Data »
'''

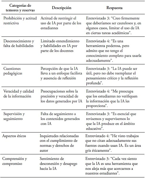 Sin embargo, a pesar de las ventajas percibidas, emergieron inquietudes significativas. La reticencia de algunos docentes, como el entrevistado 3, hacia un uso indiscriminado de la IA y las preocupaciones del entrevistado 4 sobre la veracidad de la información proporcionada por estas herramientas resaltaron la necesidad de un abordaje crítico. Estas percepciones individuales se alinearon con investigaciones previas, como las de Reinoso (2022) y Gómez (2022), que subrayan la importancia de una adaptación consciente y reflexiva a esta tecnología.
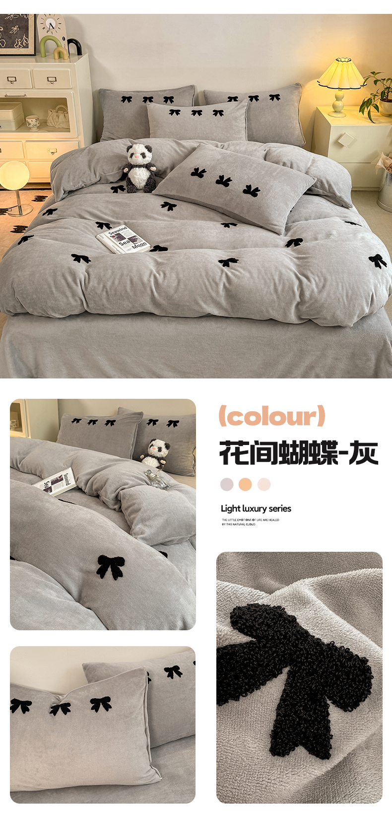 商品名称:首尔家纺 2024新款牛奶绒卡通毛巾绣蝴蝶结系列四件套 花间蝴蝶-灰
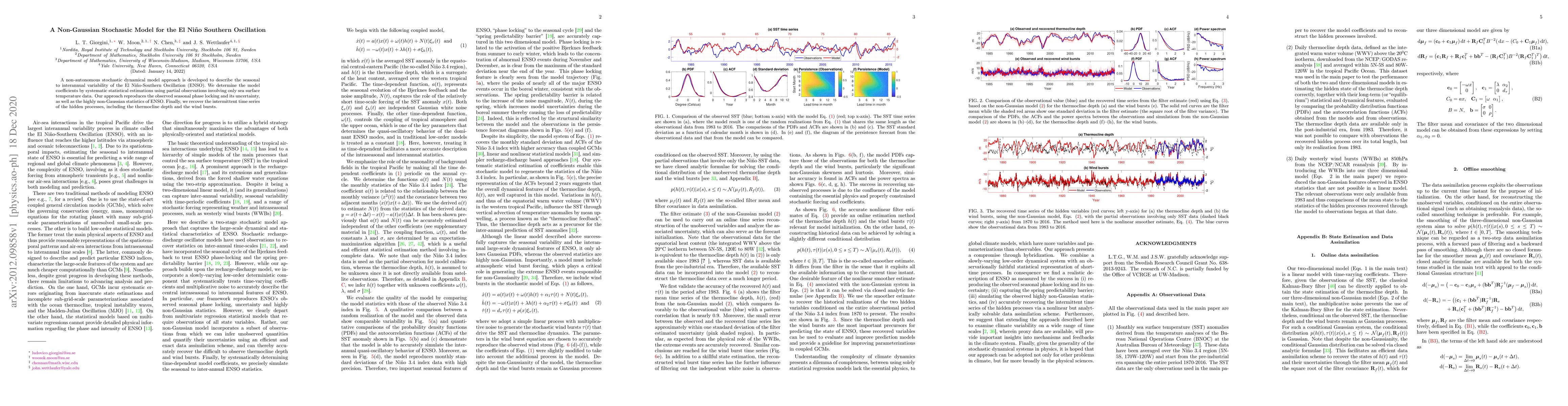 This paper develops a non-Gaussian stochastic model to capture the variability of the El Niño-Southern Oscillation (ENSO), estimating model coefficients from sea surface temperature data. The model successfully reproduces observed seasonal patterns and non-Gaussian statistics, and reveals hidden processes like thermocline depth and wind bursts.
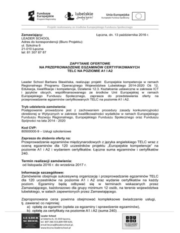 Projekt realizowany ze środków Europejskiego Funduszu Społecznego Zamawiający: LEADER SCHOOL Adres do korespondencji (Biuro Projektu): ul. Szkolna 6 21-010 Łęczna tel: 81 307 87 87 Łęczna, dn. 13 października 2016 r. ZAPYTANIE OFERTOWE NA PRZEPROWADZENIE EGZAMINÓW CERTYFIKOWANYCH TELC NA POZIOMIE A1 I A2 Leader School Barbara Sławińska, realizując projekt Europejskie kompetencje w ramach Regionalnego Programu Operacyjnego Województwa Lubelskiego 2014-2020 Oś 12, Edukacja, kwalifikacje i kompetencje, Działanie 12.3. Kształcenie ustawiczne w zakresie ICT i języków obcych, współfinansowanego ze środków Unii Europejskiej w ramach Europejskiego Funduszu Społecznego, zaprasza do przedstawienia oferty na przeprowadzenie egzaminów certyfikowanych TELC na poziomie A1 i A2. Tryb udzielenia zamówienia: Postępowanie prowadzone jest z zachowaniem procedury zasady konkurencyjności określonej w Wytycznych w zakresie kwalifikowalności wydatków w ramach Europejskiego Funduszu Rozwoju Regionalnego, Europejskiego Funduszu Społecznego oraz Funduszu Spójności na lata 2014 - 2020 Kod CVP: 80500000-9 – Usługi szkoleniowe Zaprasza do złożenia oferty na: Przeprowadzenie egzaminów międzynarodowych z języka angielskiego TELC wraz z oceną egzaminów dla 120 uczestników projektu „Europejskie kompetencje” na poziomie A1 i A2 i wydaniem certyfikatów. Łączna suma egzaminów i certyfikatów 240. Termin realizacji zamówienia: od listopada 2016 r. do września 2017 r. Informacje szczegółowe: Zamówienie obejmuje sukcesywną organizację i przeprowadzanie egzaminów TELC dla 120 uczestników na poziomie A1 i A2 oraz wydanie certyfikatów na każdy poziom. Egzaminy będą odbywać się w terminach wskazanych przez Zamawiającego, każdorazowo dla grupy minimum 12 osób, na terenie województwa lubelskiego, w salach zapewnionych przez Zamawiającego. Zaproponowana cena powinna obejmować kompleksowe świadczenie usługi, tj. zawierać co najmniej: a) opłatę za egzamin (opłata za egzaminy i sprawdzenie egzaminów), b) opłatę za certyfikaty na poziomie A1 i A2 (suma 240) Projekt realizowany ze środków Europejskiego Funduszu Społecznego c) koszty obsługi sesji przez akredytowanych egzaminatorów (wynagrodzenie), d) zapewnienie profesjonalnych egzaminatorów z ważną licencją na przeprowadzenie egzaminu, e) organizację egzaminu dla średnio 12-osobowych grup w terminach i lokalizacjach określonych przez Zamawiającego (koszt wynajmu sal ponosi Zleceniodawca), f) koszty dostarczenia kurierem certyfikatów do siedziby Zamawiającego niezwłocznie po ich otrzymaniu przez Zleceniobiorcę. Ofertę mogą składać wyłącznie podmioty posiadające aktualną licencję na prowadzenie egzaminów TELC i posiadające uprawnienia do przeprowadzania egzaminu TELC. Dodatkowo wymaga się złożenia dokumentu uprawniającego do przeprowadzania egzaminu (aktualna licencja). Dodatkowe informacje: 1. Oferty należy składać na formularzu ofertowym załączonym do niniejszego zapytania. 2. W przypadku stwierdzenia braków formalnych w złożonych ofertach Zamawiający zastrzega sobie prawo do wezwania Oferentów do uzupełnienia złożonych ofert. 3. Zamawiający zastrzega sobie prawo do odrzucenia ofert nie zawierających wszystkich wymaganych dokumentów i informacji lub w przypadku nieuzupełnienia ofert zawierających braki formalne na wezwanie Zamawiającego we wskazanym przez niego terminie. 4. Zamawiający zastrzega sobie prawo do zwrócenia się z prośbą do Oferenta o złożenie wyjaśnienia w sprawie oferty, po upływie terminu składania ofert. 5. Zamawiający zastrzega sobie prawo do zmiany liczby osób objętych egzaminem, przy czym łączna liczba egzaminowanych osób w ramach zamówienia będzie nie mniejsza niż 12 osób. Zmiana liczby osób będzie skutkowała zmianą wartości zamówienia. 6. Zamawiający zastrzega sobie prawo do odrzucenia egzaminatora wskazanego przez wybranego Oferenta w przypadku gdy dany egzaminator przeprowadzał zajęcia dla uczestników egzaminu. 7. Termin egzaminu wyznacza Zamawiający. Kryteria wyboru najkorzystniejszej oferty: 100 % - cena Termin składania ofert: 27.10.2016 r. (do końca dnia; decyduje data stempla pocztowego lub data przesłania oferty na adres e-mail wskazany poniżej). Oferty prosimy przesyłać na adres e-mail: [email protected], przesłać pocztą/kurierem lub dostarczyć bezpośrednio do biura projektu w Łęcznej (adres: Leader School Barbara Sławińska, ul. Szkolna 6 21010 Łęczna). W razie potrzeby dodatkowych informacji pod numerem telefonu tel. 81 307 87 87. Załączniki do Zapytania ofertowego: Projekt realizowany ze środków Europejskiego Funduszu Społecznego 1. Formularz ofertowy

'''

Task » In your copy, restate the data above word for word but leave out any picture.

Response area »
 Sin embargo, a pesar de las ventajas percibidas, emergieron inquietudes significativas. La reticencia de algunos docentes, como el entrevistado 3, hacia un uso indiscriminado de la IA y las preocupaciones del entrevistado 4 sobre la veracidad de la información proporcionada por estas herramientas resaltaron la necesidad de un abordaje crítico. Estas percepciones individuales se alinearon con investigaciones previas, como las de Reinoso (2022) y Gómez (2022), que subrayan la importancia de una adaptación consciente y reflexiva a esta tecnología.
 商品名称:首尔家纺 2024新款牛奶绒卡通毛巾绣蝴蝶结系列四件套 花间蝴蝶-灰
 This paper develops a non-Gaussian stochastic model to capture the variability of the El Niño-Southern Oscillation (ENSO), estimating model coefficients from sea surface temperature data. The model successfully reproduces observed seasonal patterns and non-Gaussian statistics, and reveals hidden processes like thermocline depth and wind bursts.
 Projekt realizowany ze środków Europejskiego Funduszu Społecznego Zamawiający: LEADER SCHOOL Adres do korespondencji (Biuro Projektu): ul. Szkolna 6 21-010 Łęczna tel: 81 307 87 87 Łęczna, dn. 13 października 2016 r. ZAPYTANIE OFERTOWE NA PRZEPROWADZENIE EGZAMINÓW CERTYFIKOWANYCH TELC NA POZIOMIE A1 I A2 Leader School Barbara Sławińska, realizując projekt Europejskie kompetencje w ramach Regionalnego Programu Operacyjnego Województwa Lubelskiego 2014-2020 Oś 12, Edukacja, kwalifikacje i kompetencje, Działanie 12.3. Kształcenie ustawiczne w zakresie ICT i języków obcych, współfinansowanego ze środków Unii Europejskiej w ramach Europejskiego Funduszu Społecznego, zaprasza do przedstawienia oferty na przeprowadzenie egzaminów certyfikowanych TELC na poziomie A1 i A2. Tryb udzielenia zamówienia: Postępowanie prowadzone jest z zachowaniem procedury zasady konkurencyjności określonej w Wytycznych w zakresie kwalifikowalności wydatków w ramach Europejskiego Funduszu Rozwoju Regionalnego, Europejskiego Funduszu Społecznego oraz Funduszu Spójności na lata 2014 - 2020 Kod CVP: 80500000-9 – Usługi szkoleniowe Zaprasza do złożenia oferty na: Przeprowadzenie egzaminów międzynarodowych z języka angielskiego TELC wraz z oceną egzaminów dla 120 uczestników projektu „Europejskie kompetencje” na poziomie A1 i A2 i wydaniem certyfikatów. Łączna suma egzaminów i certyfikatów 240. Termin realizacji zamówienia: od listopada 2016 r. do września 2017 r. Informacje szczegółowe: Zamówienie obejmuje sukcesywną organizację i przeprowadzanie egzaminów TELC dla 120 uczestników na poziomie A1 i A2 oraz wydanie certyfikatów na każdy poziom. Egzaminy będą odbywać się w terminach wskazanych przez Zamawiającego, każdorazowo dla grupy minimum 12 osób, na terenie województwa lubelskiego, w salach zapewnionych przez Zamawiającego. Zaproponowana cena powinna obejmować kompleksowe świadczenie usługi, tj. zawierać co najmniej: a) opłatę za egzamin (opłata za egzaminy i sprawdzenie egzaminów), b) opłatę za certyfikaty na poziomie A1 i A2 (suma 240) Projekt realizowany ze środków Europejskiego Funduszu Społecznego c) koszty obsługi sesji przez akredytowanych egzaminatorów (wynagrodzenie), d) zapewnienie profesjonalnych egzaminatorów z ważną licencją na przeprowadzenie egzaminu, e) organizację egzaminu dla średnio 12-osobowych grup w terminach i lokalizacjach określonych przez Zamawiającego (koszt wynajmu sal ponosi Zleceniodawca), f) koszty dostarczenia kurierem certyfikatów do siedziby Zamawiającego niezwłocznie po ich otrzymaniu przez Zleceniobiorcę. Ofertę mogą składać wyłącznie podmioty posiadające aktualną licencję na prowadzenie egzaminów TELC i posiadające uprawnienia do przeprowadzania egzaminu TELC. Dodatkowo wymaga się złożenia dokumentu uprawniającego do przeprowadzania egzaminu (aktualna licencja). Dodatkowe informacje: 1. Oferty należy składać na formularzu ofertowym załączonym do niniejszego zapytania. 2. W przypadku stwierdzenia braków formalnych w złożonych ofertach Zamawiający zastrzega sobie prawo do wezwania Oferentów do uzupełnienia złożonych ofert. 3. Zamawiający zastrzega sobie prawo do odrzucenia ofert nie zawierających wszystkich wymaganych dokumentów i informacji lub w przypadku nieuzupełnienia ofert zawierających braki formalne na wezwanie Zamawiającego we wskazanym przez niego terminie. 4. Zamawiający zastrzega sobie prawo do zwrócenia się z prośbą do Oferenta o złożenie wyjaśnienia w sprawie oferty, po upływie terminu składania ofert. 5. Zamawiający zastrzega sobie prawo do zmiany liczby osób objętych egzaminem, przy czym łączna liczba egzaminowanych osób w ramach zamówienia będzie nie mniejsza niż 12 osób. Zmiana liczby osób będzie skutkowała zmianą wartości zamówienia. 6. Zamawiający zastrzega sobie prawo do odrzucenia egzaminatora wskazanego przez wybranego Oferenta w przypadku gdy dany egzaminator przeprowadzał zajęcia dla uczestników egzaminu. 7. Termin egzaminu wyznacza Zamawiający. Kryteria wyboru najkorzystniejszej oferty: 100 % - cena Termin składania ofert: 27.10.2016 r. (do końca dnia; decyduje data stempla pocztowego lub data przesłania oferty na adres e-mail wskazany poniżej). Oferty prosimy przesyłać na adres e-mail: [email protected], przesłać pocztą/kurierem lub dostarczyć bezpośrednio do biura projektu w Łęcznej (adres: Leader School Barbara Sławińska, ul. Szkolna 6 21010 Łęczna). W razie potrzeby dodatkowych informacji pod numerem telefonu tel. 81 307 87 87. Załączniki do Zapytania ofertowego: Projekt realizowany ze środków Europejskiego Funduszu Społecznego 1. Formularz ofertowy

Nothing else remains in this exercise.